Beyond the dandelion fountain in Loring Park Downtown stirs to life, as the sunlight sucks people out of the skywalks and on to the streets. The restaurants bring back their outdoor seating, and Target Field opens its doors to further Twins mediocrity. Nicollet Mall bustles, though it’s hard to keep up any speed with all the stoplights and traffic; in time, I make my way up along the riverfront, finally open to the city as the centerpiece it deserves to be. Further down, past the scores of new apartments, the Guthrie Theater, and the rising shell of that financial monstrosity of a football stadium lies the University of Minnesota campus, ideal for springtime people-watching, as everyone emerges from whatever room or study hole or bar they’ve ensconced themselves in over the past year and revels in the sunlight.

Cross a bridge and there is St. Anthony Falls or Nicollet Island, those old icons of Minneapolis now dwarfed by the towers around. Old Main has the best patio seating in the city, and Nye’s, that irreplaceable polka bar, beckons me into Northeast, the old realm of European immigrants now filling with immigrants and hipsters and the like. Changes are afoot to the south as well, where a battalion of new loft apartments forms ranks along the Greenway, Uptown’s transformation near-complete. Further along Lake Street is the Midtown Global Market, plus the stretch were I’m apt to go in search of some genuine Mexican deliciousness. And, of course, that damn K-Mart is still there, ruining the flow of traffic along Nicollet but providing a service no one else can in this low-income district.
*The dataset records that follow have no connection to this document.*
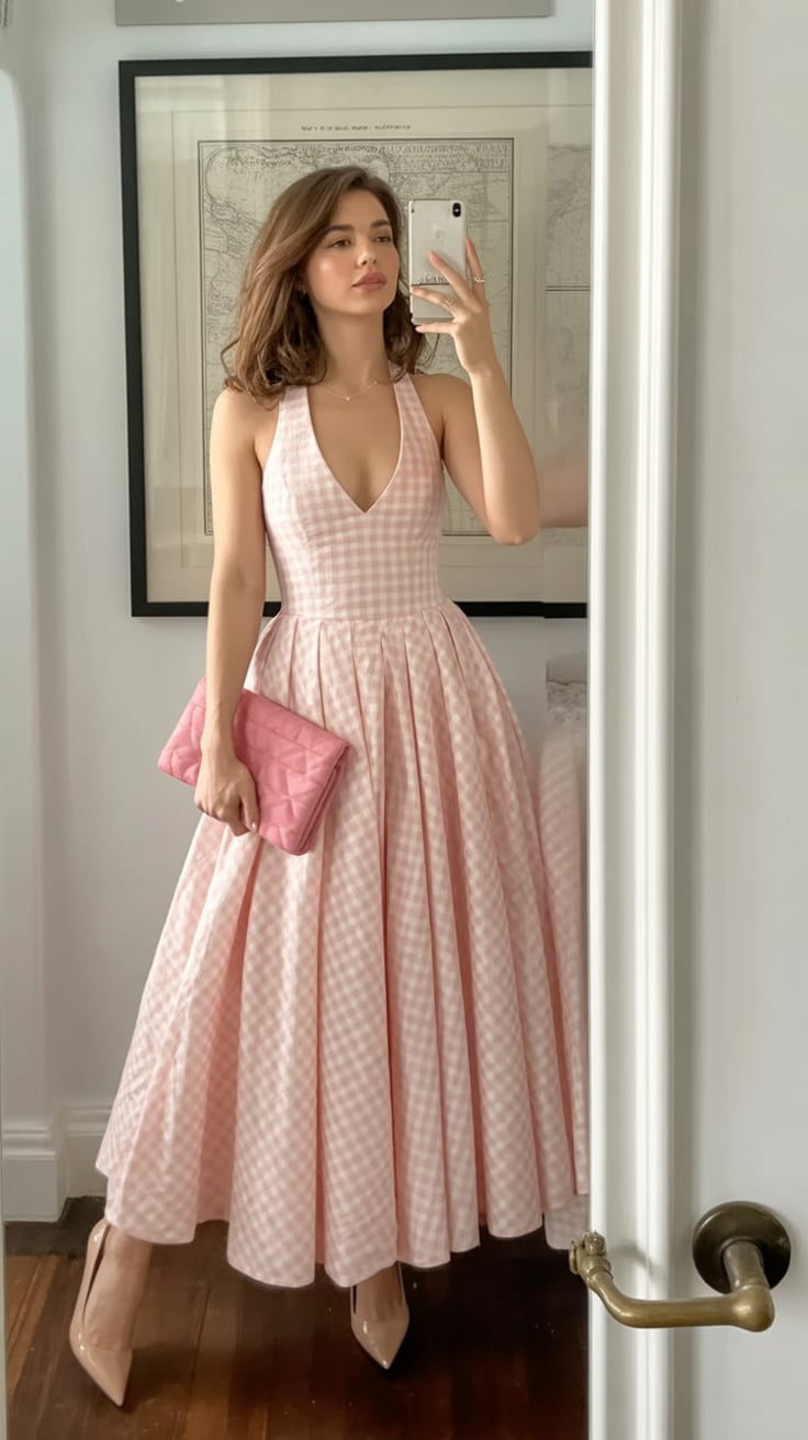Gingham always carries a sense of freshness, especially in spring. This dress feels structured yet soft, blending classic femininity with modern ease. It captures that old money charm—timeless, graceful, and never overly styled.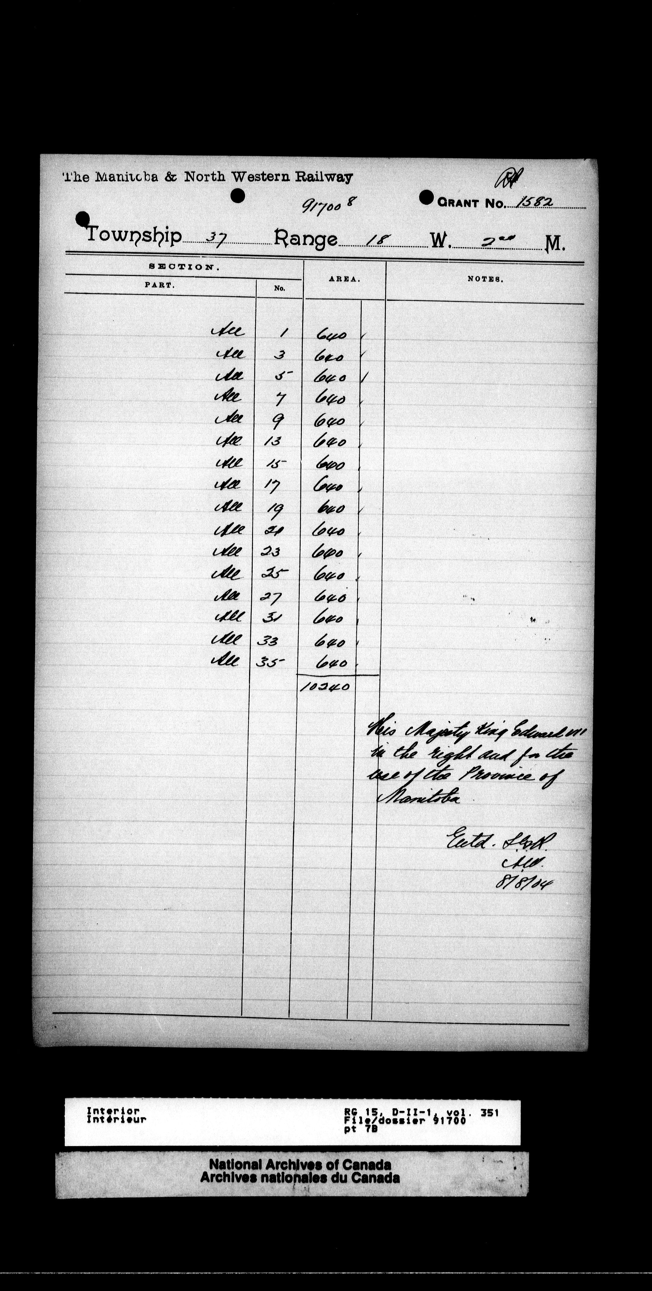 Manitoba and North-Western Railway Company, Land Patent file - 13074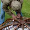 - 12" bike wheel rim with 3 hooks extending outwards at 120 degree angles. Unpainted coat-hanger wire woven in a grid on the inside of the rim would provide a flat grill-space for the cooking receptacle. The receptacle could be a tea kettle, frying pan, or cooking pot.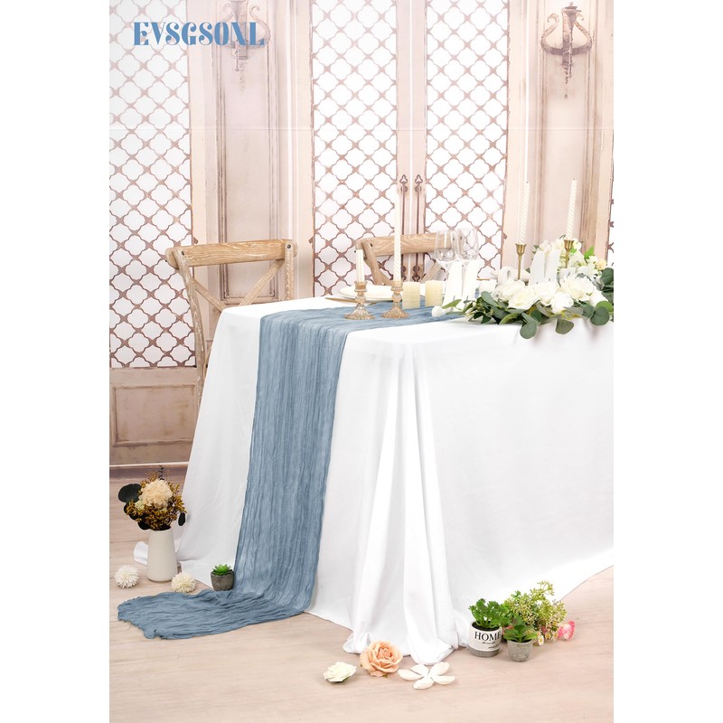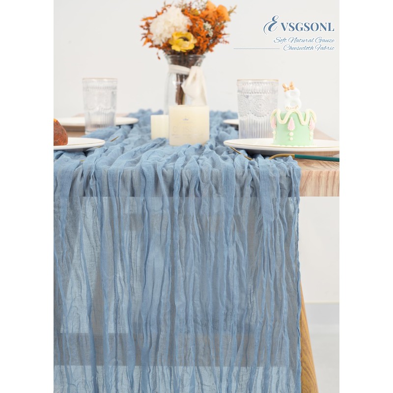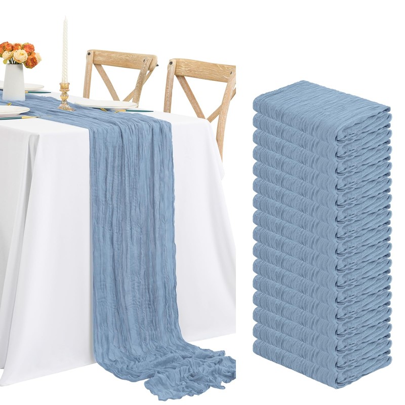 - 🍁Sufficient Quantity:24 Pieces dusty blue gauze cheesecloth table runner, made of premium polyester material,delicate and soft,durable,light and breathable.Sufficient quantity can meet your needs for your wedding banquets party decor,daily use or replace.The natural wrinkles texture full of design sense and do not need to be ironed. Add a high end looking to your table and perfect for boho rustic themed party.

To the east of home base, across Lydnale, lies Whittier, the apartments growing a bit larger and a bit more frayed around the edges. There is a little bit of everything here, with Eat Street along Nicollet and little pockets of old grandeur, especially around Washburn Fair Oaks Park, home to the Minneapolis Institute of the Arts, the stately Classical museum gazing out upon the center of the city. A pedestrian bridge just a block away lofts me over 35W and into Phillips. Urban farms abound, and curiosities such as the Swedish-American Institute poke their way out of a steadily declining housing stock. Now it’s diverse as can be, with even a Native American strip up along Franklin, and over in Cedar-Riverside, just off the West Bank of the U, is the heart of Somali America. They’re stuffed into Riverside Plaza, that tower block of mismatched Legos that is only one-seventh the size it was supposed to be. Why did we ever think it was a good idea to stuff people into these things, I wonder, though at least some have carved out a little oasis for themselves between the foreignness and ignorance of the broader culture and the allure of al-Shabaab. If people can build community here—and I don’t know whether they can or not—maybe all this grumbling about the offenses of brutalist architecture misses the point.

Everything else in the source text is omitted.